So here's the story. My cousin and his wife used to live in Arlington and were generous enough to let me live with them one semester in college. After I moved out they lived there for another couple of years before they moved back to San Antonio. During that time, they asked me to housesit or babysit from time to time, which I was glad to do.
They once asked me to dog-sit their dog "Whitie" for them while they went to San Antonio for the weekend. I gladly obliged. All I had to do was go over there daily to let him out and keep him fed and watered.
|my awful college ID|
I was off at some church college group function at someone's house and all of the sudden I remembered that I was supposed to be dog-sitting. It was SUNDAY night. I nervously sped over to their house in a mad rush, hitting the steering wheel several times and reciting, "Crap, crap, crap," over and over, hoping to get there before they did.
I speedily parked by their curb...as they were unloading the car.
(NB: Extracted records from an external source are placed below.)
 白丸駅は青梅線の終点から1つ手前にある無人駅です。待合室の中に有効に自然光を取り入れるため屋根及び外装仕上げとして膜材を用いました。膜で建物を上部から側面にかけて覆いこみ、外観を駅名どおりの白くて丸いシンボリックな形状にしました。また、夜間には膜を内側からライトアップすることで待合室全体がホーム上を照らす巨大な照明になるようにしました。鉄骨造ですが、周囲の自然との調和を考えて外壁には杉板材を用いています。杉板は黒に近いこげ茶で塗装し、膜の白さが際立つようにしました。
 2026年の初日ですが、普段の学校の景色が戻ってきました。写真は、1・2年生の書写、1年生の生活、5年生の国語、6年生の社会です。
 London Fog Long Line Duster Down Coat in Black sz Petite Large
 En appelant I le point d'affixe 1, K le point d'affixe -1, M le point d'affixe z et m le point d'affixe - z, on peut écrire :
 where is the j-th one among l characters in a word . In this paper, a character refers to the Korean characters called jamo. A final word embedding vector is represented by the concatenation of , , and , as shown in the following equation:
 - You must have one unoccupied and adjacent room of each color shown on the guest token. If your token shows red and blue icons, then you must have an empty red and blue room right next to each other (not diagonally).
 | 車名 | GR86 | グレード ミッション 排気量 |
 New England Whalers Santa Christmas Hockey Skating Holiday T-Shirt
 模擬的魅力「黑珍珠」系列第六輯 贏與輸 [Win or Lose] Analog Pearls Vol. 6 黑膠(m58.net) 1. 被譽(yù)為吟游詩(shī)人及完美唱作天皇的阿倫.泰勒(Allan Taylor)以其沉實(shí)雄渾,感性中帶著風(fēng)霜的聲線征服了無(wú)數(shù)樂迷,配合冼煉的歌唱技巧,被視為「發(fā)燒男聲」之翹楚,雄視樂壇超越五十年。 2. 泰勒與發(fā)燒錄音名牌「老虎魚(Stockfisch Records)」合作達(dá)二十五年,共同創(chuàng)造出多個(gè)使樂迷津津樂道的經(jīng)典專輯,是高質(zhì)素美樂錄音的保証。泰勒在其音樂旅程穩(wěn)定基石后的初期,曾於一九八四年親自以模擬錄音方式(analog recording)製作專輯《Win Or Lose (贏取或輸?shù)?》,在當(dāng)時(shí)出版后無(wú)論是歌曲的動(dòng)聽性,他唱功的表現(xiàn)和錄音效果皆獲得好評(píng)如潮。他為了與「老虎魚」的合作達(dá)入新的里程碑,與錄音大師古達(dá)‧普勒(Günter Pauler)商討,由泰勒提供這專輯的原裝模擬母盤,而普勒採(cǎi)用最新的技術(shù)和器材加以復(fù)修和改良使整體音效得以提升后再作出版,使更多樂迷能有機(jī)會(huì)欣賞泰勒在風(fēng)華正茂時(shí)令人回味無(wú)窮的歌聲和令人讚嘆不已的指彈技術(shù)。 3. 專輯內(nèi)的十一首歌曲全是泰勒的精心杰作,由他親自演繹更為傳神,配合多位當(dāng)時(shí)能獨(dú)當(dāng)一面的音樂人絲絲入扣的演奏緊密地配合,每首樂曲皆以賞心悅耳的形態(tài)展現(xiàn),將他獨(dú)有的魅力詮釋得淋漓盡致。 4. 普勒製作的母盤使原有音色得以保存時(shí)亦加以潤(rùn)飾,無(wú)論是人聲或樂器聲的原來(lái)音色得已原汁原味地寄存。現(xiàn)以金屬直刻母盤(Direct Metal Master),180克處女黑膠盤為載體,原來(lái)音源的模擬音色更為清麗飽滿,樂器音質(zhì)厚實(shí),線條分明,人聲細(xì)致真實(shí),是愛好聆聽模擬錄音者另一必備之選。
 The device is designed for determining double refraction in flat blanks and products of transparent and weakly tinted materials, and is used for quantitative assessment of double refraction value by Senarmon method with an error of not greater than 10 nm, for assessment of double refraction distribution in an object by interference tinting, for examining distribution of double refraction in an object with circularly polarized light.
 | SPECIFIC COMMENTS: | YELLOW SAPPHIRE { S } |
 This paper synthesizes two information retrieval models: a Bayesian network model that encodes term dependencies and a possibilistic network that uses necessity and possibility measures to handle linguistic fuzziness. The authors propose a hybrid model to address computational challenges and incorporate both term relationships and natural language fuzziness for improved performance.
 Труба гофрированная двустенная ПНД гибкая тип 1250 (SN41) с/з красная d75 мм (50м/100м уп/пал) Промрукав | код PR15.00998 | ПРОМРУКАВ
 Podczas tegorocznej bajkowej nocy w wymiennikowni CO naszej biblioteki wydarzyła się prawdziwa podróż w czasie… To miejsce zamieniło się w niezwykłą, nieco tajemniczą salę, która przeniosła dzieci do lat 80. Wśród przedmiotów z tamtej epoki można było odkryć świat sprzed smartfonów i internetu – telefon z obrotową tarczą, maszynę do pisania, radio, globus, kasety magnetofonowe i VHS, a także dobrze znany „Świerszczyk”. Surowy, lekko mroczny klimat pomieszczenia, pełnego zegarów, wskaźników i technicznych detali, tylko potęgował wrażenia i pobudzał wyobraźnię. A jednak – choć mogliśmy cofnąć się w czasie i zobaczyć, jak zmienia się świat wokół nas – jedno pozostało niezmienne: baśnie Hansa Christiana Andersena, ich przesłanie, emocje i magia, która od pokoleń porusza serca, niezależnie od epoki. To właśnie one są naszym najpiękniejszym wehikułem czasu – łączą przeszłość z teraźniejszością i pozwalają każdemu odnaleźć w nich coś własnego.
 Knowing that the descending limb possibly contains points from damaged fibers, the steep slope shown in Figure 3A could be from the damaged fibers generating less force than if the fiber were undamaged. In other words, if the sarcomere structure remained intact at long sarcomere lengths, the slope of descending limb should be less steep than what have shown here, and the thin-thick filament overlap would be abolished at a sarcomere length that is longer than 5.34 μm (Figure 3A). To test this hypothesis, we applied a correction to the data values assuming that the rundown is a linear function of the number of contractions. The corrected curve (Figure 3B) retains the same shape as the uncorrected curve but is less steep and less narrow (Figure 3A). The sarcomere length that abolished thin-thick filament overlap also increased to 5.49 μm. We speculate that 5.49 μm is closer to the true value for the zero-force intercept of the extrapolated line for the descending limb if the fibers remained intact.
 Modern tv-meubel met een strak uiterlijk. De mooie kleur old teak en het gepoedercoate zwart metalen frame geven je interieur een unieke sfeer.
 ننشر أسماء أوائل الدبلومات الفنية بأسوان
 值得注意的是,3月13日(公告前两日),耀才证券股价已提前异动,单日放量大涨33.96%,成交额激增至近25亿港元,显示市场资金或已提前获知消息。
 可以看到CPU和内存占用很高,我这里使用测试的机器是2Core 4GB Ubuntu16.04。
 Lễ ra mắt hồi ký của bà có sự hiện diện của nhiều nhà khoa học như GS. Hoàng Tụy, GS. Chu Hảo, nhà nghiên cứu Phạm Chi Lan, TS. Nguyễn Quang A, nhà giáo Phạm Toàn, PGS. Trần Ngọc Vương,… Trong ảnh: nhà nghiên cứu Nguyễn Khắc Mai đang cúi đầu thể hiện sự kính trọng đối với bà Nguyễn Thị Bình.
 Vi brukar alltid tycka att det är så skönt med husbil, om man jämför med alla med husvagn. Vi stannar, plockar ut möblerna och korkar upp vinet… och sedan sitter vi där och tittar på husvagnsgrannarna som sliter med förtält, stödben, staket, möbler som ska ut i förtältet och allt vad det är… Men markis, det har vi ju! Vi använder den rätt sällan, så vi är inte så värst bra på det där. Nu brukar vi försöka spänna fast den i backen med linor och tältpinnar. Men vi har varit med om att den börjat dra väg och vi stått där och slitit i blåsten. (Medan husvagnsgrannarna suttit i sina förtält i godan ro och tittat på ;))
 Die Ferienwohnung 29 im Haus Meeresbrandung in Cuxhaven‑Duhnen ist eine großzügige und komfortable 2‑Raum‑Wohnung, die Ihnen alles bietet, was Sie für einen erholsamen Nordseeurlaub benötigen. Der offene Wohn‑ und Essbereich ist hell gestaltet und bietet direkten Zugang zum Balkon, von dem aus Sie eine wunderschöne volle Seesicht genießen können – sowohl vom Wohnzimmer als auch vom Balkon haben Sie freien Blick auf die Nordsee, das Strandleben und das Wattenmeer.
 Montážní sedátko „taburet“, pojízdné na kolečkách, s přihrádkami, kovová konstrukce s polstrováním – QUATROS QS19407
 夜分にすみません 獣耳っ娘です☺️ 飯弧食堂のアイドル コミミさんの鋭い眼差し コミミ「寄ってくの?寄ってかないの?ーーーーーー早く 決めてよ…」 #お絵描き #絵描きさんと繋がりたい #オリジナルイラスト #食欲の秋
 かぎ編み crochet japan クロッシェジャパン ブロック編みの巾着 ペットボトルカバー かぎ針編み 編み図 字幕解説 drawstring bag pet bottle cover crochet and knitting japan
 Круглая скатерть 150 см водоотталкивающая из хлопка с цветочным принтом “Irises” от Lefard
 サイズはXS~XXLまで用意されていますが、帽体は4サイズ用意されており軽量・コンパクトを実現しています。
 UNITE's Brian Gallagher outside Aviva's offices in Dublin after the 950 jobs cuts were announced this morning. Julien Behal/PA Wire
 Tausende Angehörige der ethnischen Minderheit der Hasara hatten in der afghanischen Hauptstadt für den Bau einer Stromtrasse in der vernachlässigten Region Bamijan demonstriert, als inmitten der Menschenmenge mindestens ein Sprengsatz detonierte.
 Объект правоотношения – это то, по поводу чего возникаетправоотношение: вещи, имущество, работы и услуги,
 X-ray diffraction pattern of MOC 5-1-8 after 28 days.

My cousin's wife greeted me and apologies and excuses spewed out of my mouth. I was so embarrassed and sorry. I felt so bad for little Whitie. He used to get bladder infections because he would hold it for so long because he would refuse to pee inside the house (dream dog), and the poor little guy held it for as long as he could. Needless to say, he was also quite thirsty and hungry.
I tried apologizing to my cousin as he was stomping by to finish unloading and quietly raging at me. Without even looking, he snapped at me, "Apologize to Whitie." My heart sank. He was so mad at me. And rightfully so.
I saw Whitie, and I think I tried to give him a little cuddle and apologized profusely. I offered to my cousins to help clean up, but they just wanted me out of there. I walked back to my car with my head hung in shame.
It took a while for them to get over that - and I patiently carried out my sentence. I would have been so mad at myself, too. Whitie, on the other hand, always hated me after that. He would growl and snap at me and remind me of what a reprobate I was.
As we were recounting the story, yet again, this past Thanksgiving, while being extremely happy that we can all laugh about it now (although my cousin doesn't always chuckle very heartily), I'm reminded that it's great to grow older.
Youth is fun, but gosh I sure was stupid. I really didn't think I was, either. I was just a silly little girl learning how to navigate life. Now, I'm 33 years old, and even though I'm older and have learned a little more about navigating life, I still feel like a silly little girl that has a LOT to learn about life.
I don't quite think I know it all anymore, and that's the great thing about getting older. The older you get, the more humbled by life you get (hopefully).